In rectangle $ABCD$, points $E$ and $F$ lie on sides $BC$ and $CD$ respectively. Point $F$ is the midpoint of $CD$ and $BE=\frac13BC$. Segments $AC$ and $FE$ intersect at point $P$. What is the ratio of $AP$ to $PC$? Express your answer as a common fraction.
I'm not sure where to start, do I need to use the fact that $FCE$ is a right triangle, or just the ratios, any help would be appreciated.
On
Using vector method, let $D$ be the origin.
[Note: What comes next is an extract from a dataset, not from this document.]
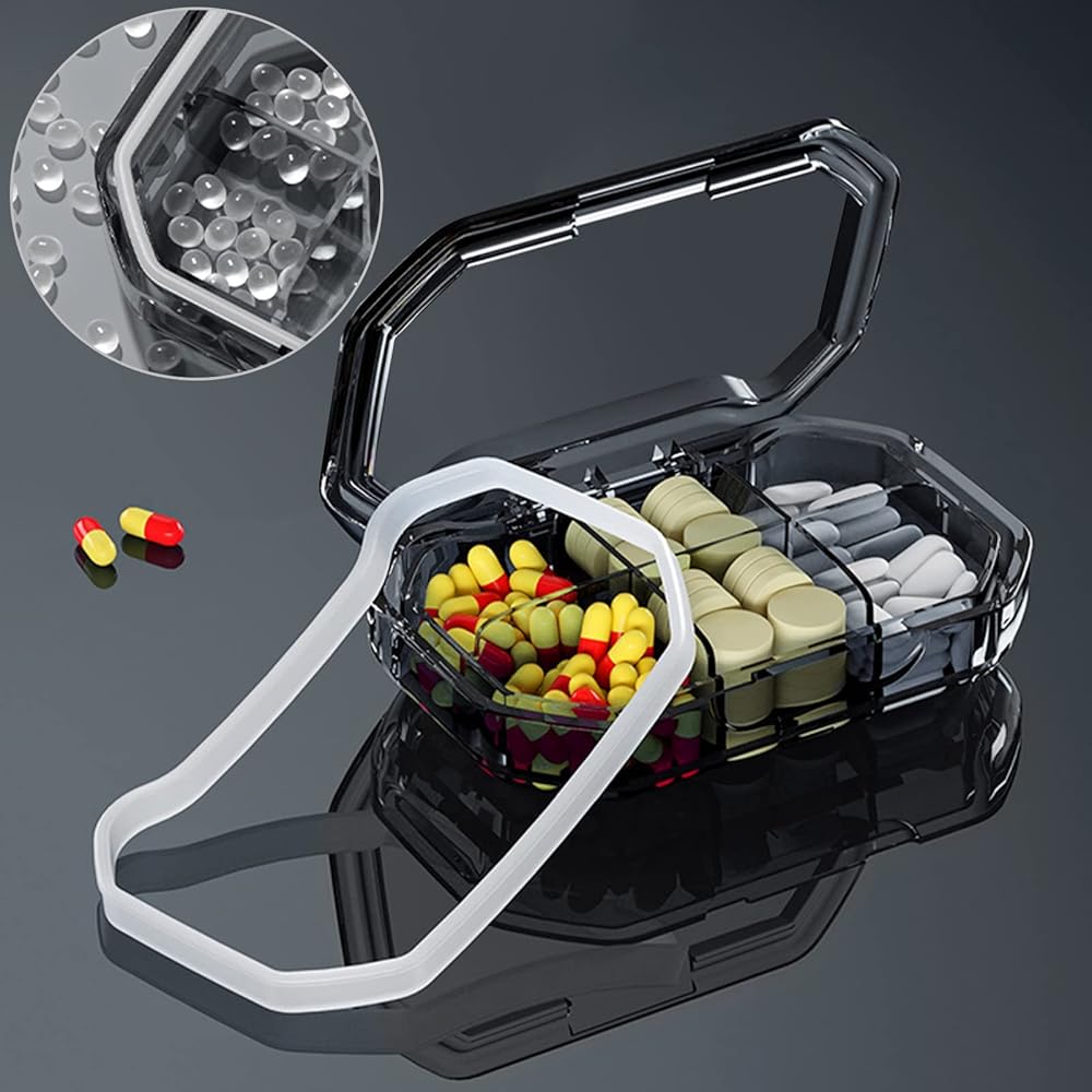 【إغلاق مزدوج】يستخدم الصندوق الخارجي الخاص بنا تصميم قفل، مع شريط إغلاق من السيليكون، مقاوم للماء والرطوبة، والصندوق الداخلي مغلق بشكل مستقل، مما يحافظ على خصائص الدواء ويمنع الروائح.

Let $P$ divide $AC$ in ratio $k:1$, so $\vec{DP}=\frac{k\vec{DC}+\vec{DA}}{k+1}$
Also, let $P$ divide $EF$ in ratio $m:1$, we again get $\vec{DP}=\frac{m\vec{DF}+\vec{DE}}{m+1}$
Can you now proceed?
On
The lines $y=\frac{2}{3}x$ and $y=\frac{3}{2}-\frac{x}{2}$ intersect at $x=\frac{9}{7}$, hence by Thales' theorem $$ \frac{AP}{PC} = \frac{3+\frac{9}{7}}{3-\frac{9}{7}}=\color{red}{\frac{5}{2}}. $$ You are free to assume that $ABCD$ is a $6\times 3$ rectangle since linear maps preserve the ratios of segments cut on the same line.
On
Let's see the figure below:
From the similarity of the triangles $FCE$ and $BEQ$ we get that $a'=\frac a4$. Then from the similarity of the triangles $FCP$ and $PAQ$ we get that
$$\frac xy=\frac{a+\frac a4}{\frac a2}=\frac52.$$
On
$A = (0,0)$
$B = (x,0)$
$C = (x,-y)$
$D = (0,-y)$
$E = (x,-y/3)$
$F = (x/2,-y)$
$P = (tx,-ty)$
$P = \lambda E + (1-\lambda)F$
$tx = \lambda x + (1-\lambda)x/2 = \lambda x + x/2 - \lambda x/2 = (\lambda + 1/2 - \lambda/2) x $
$t = \frac{(\lambda + 1)}{2}$
$-\frac{(\lambda + 1)}{2}y = \lambda (-y/3) + (1-\lambda)(-y) = \lambda (-y/3) + -y + \lambda y = (\frac{2 \lambda}{3} - 1) y$
$-\frac{(\lambda + 1)}{2} = (\frac{2 \lambda}{3} - 1) \text{ iff } \lambda = \frac{3}{7} \text{ iff } t = \frac{5}{7} \text{ iff } 1-t = \frac{2}{7}$
$\text{Length of } AP = \sqrt{ (\frac{5}{7}x)^2 + (\frac{5}{7}y)^2}$
$\text{Length of } BC = \sqrt{ (\frac{2}{7}x)^2 + (\frac{2}{7}y)^2}$
ANS: $\frac{Len(AP)}{Len(PC)} = \frac {\frac{5}{7}} {\frac{2}{7}} = \frac {5}{2} $
Note: From $[\lambda = \frac{3}{7}]$ and $[1 - \lambda = \frac{4}{7}]$ we also get $\frac{Len(FP)}{Len(PE)} = \frac{3}{4}$ 'free of charge'.
Let the area of $ABCD$ be 12 units. From there we can see clearly see that
Now because the two triangles $AEC$ and $ACF$ share a common base, and $EF$ cuts them in a 5:2 ratio, $\frac{AP}{PC}=\frac52$.